As Justice Kennedy said in concluding his concurring opinion, while this case happens to arise in the compelling context of school desegregation, the principles involved are not limited to that context. There is no obvious limit to today's discussion that would prevent judicial taxation in cases involving prisons, hospitals, or other public institutions, or indeed to pay a large damages award levied against a municipality under [a federal civil rights law].  This assertion of judicial power in one of the most sensitive of policy areas, that involving taxation, begins a process that over time could threaten fundamental alteration of the form of government our Constitution embodies.”

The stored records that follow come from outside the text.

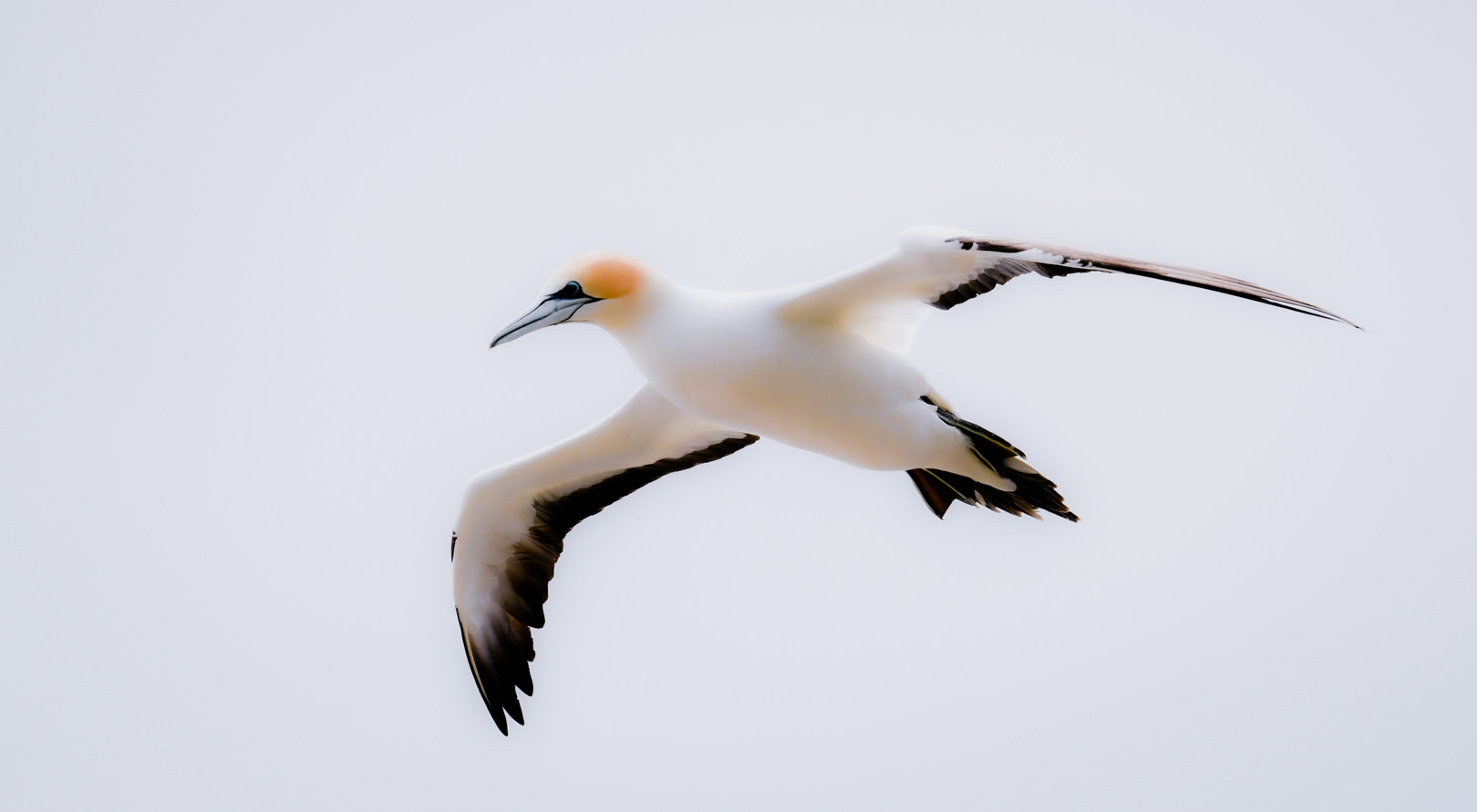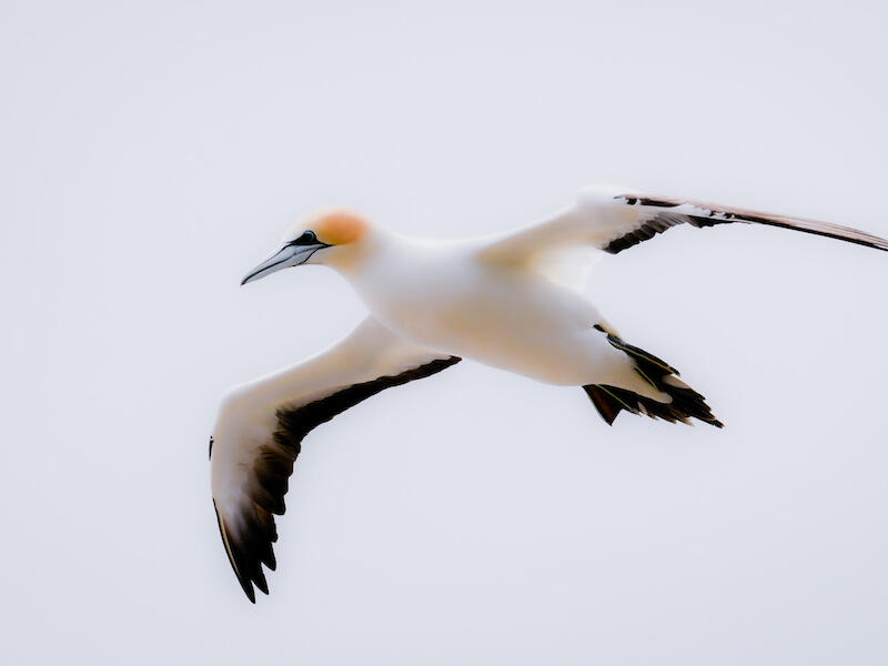 Cruising Gannet. This image is nicely captured of the of the gannet in flight. So, well done for that, you've gone out and you've made a good image. I don't know what you've done post processing to it, though, but it's very soft in the whites. There is no detail in the whites at all, and all around the edges it seems to be bleeding off. It's almost like you used de haze in the opposite direction and increased the haze in the image. Or something of that sort. I don't know exactly what's happened here. Uh, but It's lost its natural feel and looks wrongly processed. Which is a pity because it's a nice image of this bird in flight.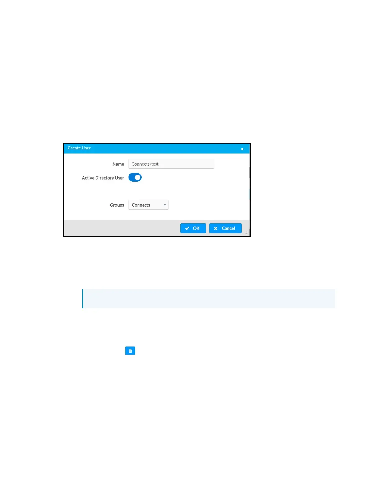 Click the trashcan button ( ) in the Actions column to delete the user. Click Yes when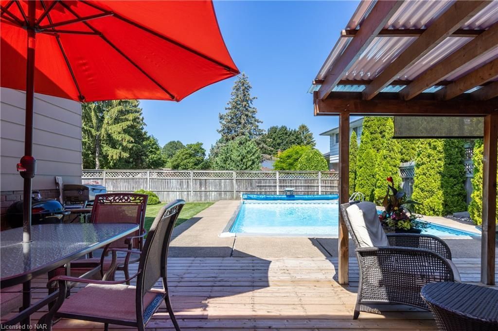 Big corner lot with big " swimming pool ", welcome to your stunning (( fully renovated )) carpet free new home at 45 royal oak drive. Nestled on a beautiful tree-lined street, in the highly sought after quit neighborhood of royal henley estates, this is a lovely raised bungalow with so much to offer. 5 bedrooms, 2 bathrooms, total living space of 1890 sqft and a backyard that was made for entertaining! Enter the home with a large foyer with vaulted ceilings and a spanish style archway leading upstairs. You also have garage access into the home to park 2 cars. The main floor provides beautiful hardwood flooring, neutral color schemes and bright windows allowing for plenty of natural light. The updated kitchen boasts plenty of upgraded counter and cupboard space, stylish backsplash tile, quality appliances and a convenient breakfast bar for the family to gather around. Down the hall you have 3 generous sized bedrooms and a large primary bathroom. Making your way downstairs, you have a sizeable rec room to enjoy! Showcasing a cozy wood burning fireplace, across the hall is a large 4th bedroom or 5th bedroom, you can convert one bedroom in your office ((work from home)) an excellent place to relax, play games with friends/family. Also located downstairs is a good size 3-piece bathroom and spacious laundry/utility room. Sitting on a corner lot with extra storage, lined with mature trees and cedars, you have maximum privacy throughout the inside/outside of the home. Enjoy those hot summer days lounging by the "swimming pool" and entertaining guests in your backyard deck, patio, barbecue, . Quick and easy qew access for commuters and just a short walk to martindale pond, jaycee park and port dalhousie. Properties like this don't last long! Must see today........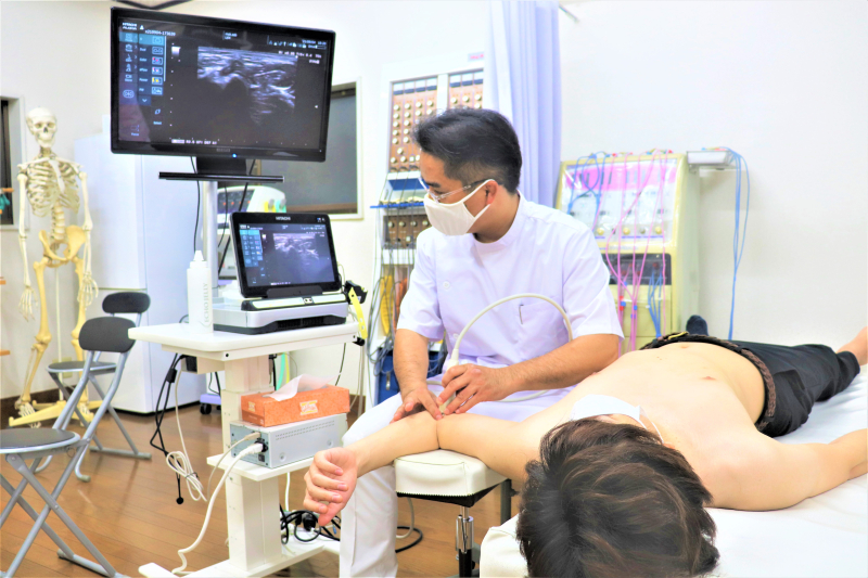 ・場合によって、超音波(エコー)を用いての手技や正しく関節を動かせるよう、上手に筋肉を使えるよう誘導しながらの運動療法や自動介助運動を行います。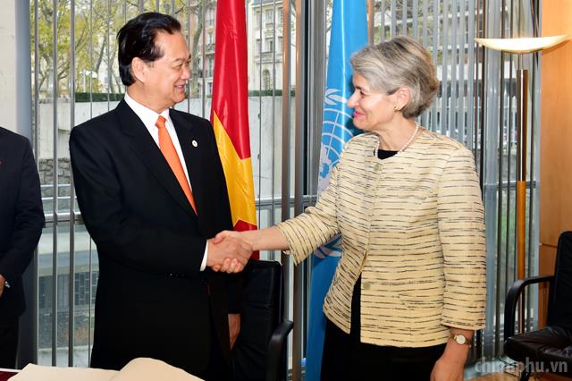 PM Dung and UNESCO President Irina Bokova. Photo: VGP.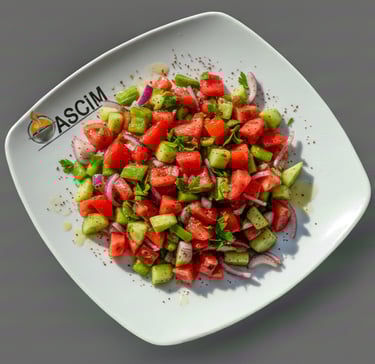 Taze domates, salatalık, biber, soğan ve maydanozla hazırladığımız, zeytinyağı ve limonla lezzetlendirilmiş ev tadında ferah bir salata! Ana yemeklerin yanında sofralara renk ve tazelik katar.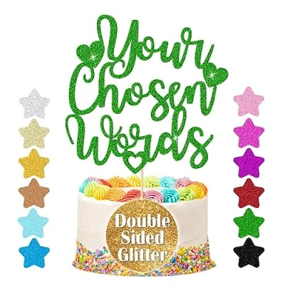EDSG Personalised Cake Topper Custom Decoration with Any Text Multicolour Glitter Wedding Party 13 15 18 21 25 30 45 60 (Green)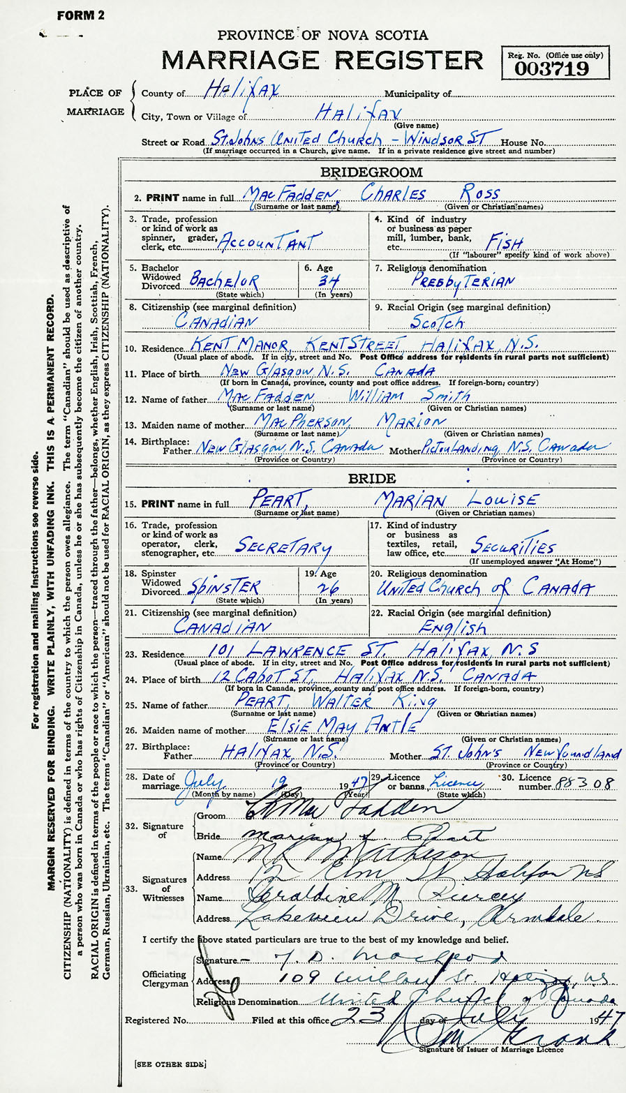28. Date of marriage July 19 1947 29. By license or banns License 30. License number 88308
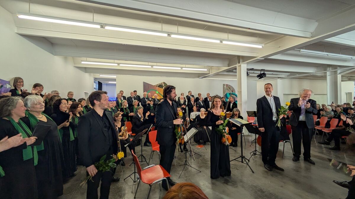 Nach dem Konzert mit drei Werken von Bach freuten sich Chor und Solisten über großen Applaus.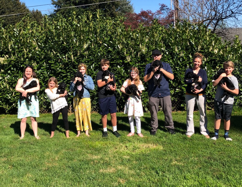 3 years ago my neighbor, Chris, told me I should get a female Goldendoodle and breed her with his Bernese, SamWise. I thought, well, why not, That would be fun and challenging. So I did a lot of research and found Lainey from a local breeder. 2 years have gone by and we are enjoying our first litter. My daughter and I are in this together and we have so much fun working together and loving these precious babies. With Chris and his family being here and help delivering the pups, as well playing with the puppies and socializing them daily – it’s a fun family adventure that we all love.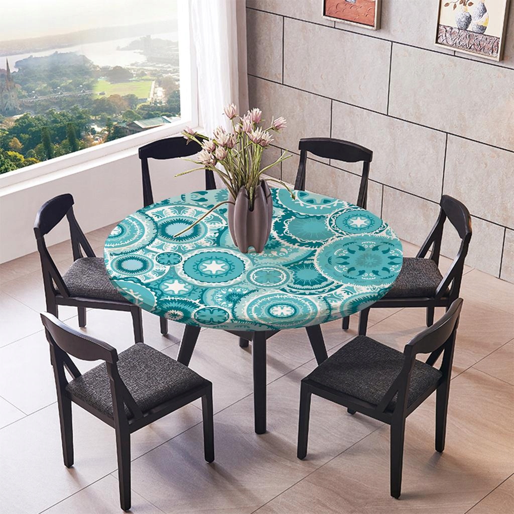 Водонепроницаемая противоскользящая круглая эластичная скатерть. Классический дизайн скатерти.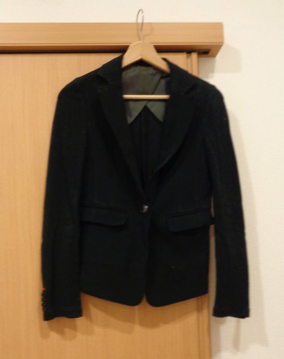 サイズは36でPROPORTION BODY DRESSINGのニット系ジャケットになります。肩パッドはついてません。色は黒です。裏地は首周りに部分的についてますが、全体的にはついてなく、ノビノビ系の商品です。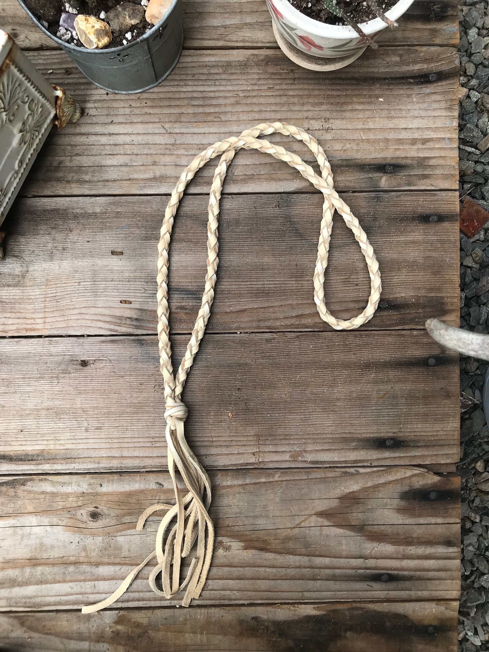 4 strand hand braided elk hide lace necklace. the perfect layer of fringe.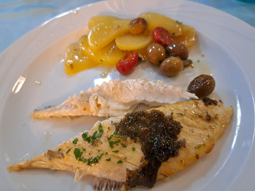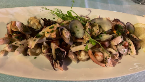 It's the third time I've been in the village and wonder why I haven't been to this place before. We had a big mussels bowl as antipasti. Then spaghetti with clams, ravioli with fish filling and the best seafood fregola that I ever ate. As main we had a big San Pietro Fish, which was pricy (130 euro) but worth and amazing to share. It comes with potatoes and olives and great sauce.

 The “form” of which Justice Kennedy spoke is that of federalism, separation of powers, and the power of the courts not to make law, but instead to interpret it—a power which if not restrained, as it was not in Jenkins, will necessarily and ultimately continue to undermine both federalism and separation of powers, as it did in Jenkins and countless other cases.[vi]



[i] 495 U.S. 33, 110 S.Ct.  1651 (1990).

 

[ii] 347 U.S. 483, 74 S.Ct.686 (1954).

 

[iii] 104 Harvard Law Review 297 (1990).  In the Spallone case, I submitted an amicus curiae brief on behalf of residents of the City of Yonkers.  Based on my reading of the applicable precedents and the views of the various justices on the issue presented, I adopted the strategy of aiming the amicus brief solely at Justice White.  Chief Justice Rehnquist wrote the Court’s opinion—that the district court had abused its discretion by holding individual councilmembers in contempt—joined by Justices O’Connor, Scalia, Kennedy, and by Justice White, the fifth vote!

 

[iv] By 1995, when the case was back in the Supreme Court, hundreds of millions had been spent in compliance with Judge Clark’s order and the cost of his “remedy” was running about $2,000,000 annually.

 

[v] Justices Brennan, Marshall, Blackmun, and Stevens, not surprisingly, joined White’s opinion.

 

[vi] A classic example of district court remedial powers run amok—recall Justice Kennedy’s prediction about prisons—is Lewis v. Casey, 518 U.S. 343, 116 S.Ct. 2174 (1996).  Justice Thomas’s concurring opinion in that case lays bare the excesses of the trial court, at the intersection of federalism and separation of powers. 

 

The Constitution charges federal judges with deciding cases and controversies, not with running state prisons.  Yet, too frequently, federal district courts in the name of the Constitution effect wholesale takeovers of state correctional facilities and run them by judicial decree.  This case is a textbook example.  Dissatisfied with the quality of the law libraries and the legal assistance at Arizona’s correctional institutions, the District Court imposed a statewide decree on the Arizona Department of Corrections (ADOC), dictating in excruciating minute detail a program to assist inmates in the filing of lawsuits—right down to permissible noise levels in library reading rooms. 

Such gross overreaching by a federal district court simply cannot be tolerated in our federal system.  Principles of federalism and separation of powers dictate that exclusive responsibility for administering state prisons resides with the State and its officials.  * * * Even when compared to the federal judicial overreaching to which we now have become accustomed, this is truly a remarkable case.  The District Court’s order vividly demonstrates the danger of continuing to afford federal judges the virtually unbridled power that we have for too long sanctioned. 

We have here yet another example of a federal judge attempting to direc[t] or manag[e] the reconstruction of entire [state] institutions and bureaucracies, with little regard for the inherent limitations on [his] authority.” [Citing Missouri v. Jenkins; emphasis added.]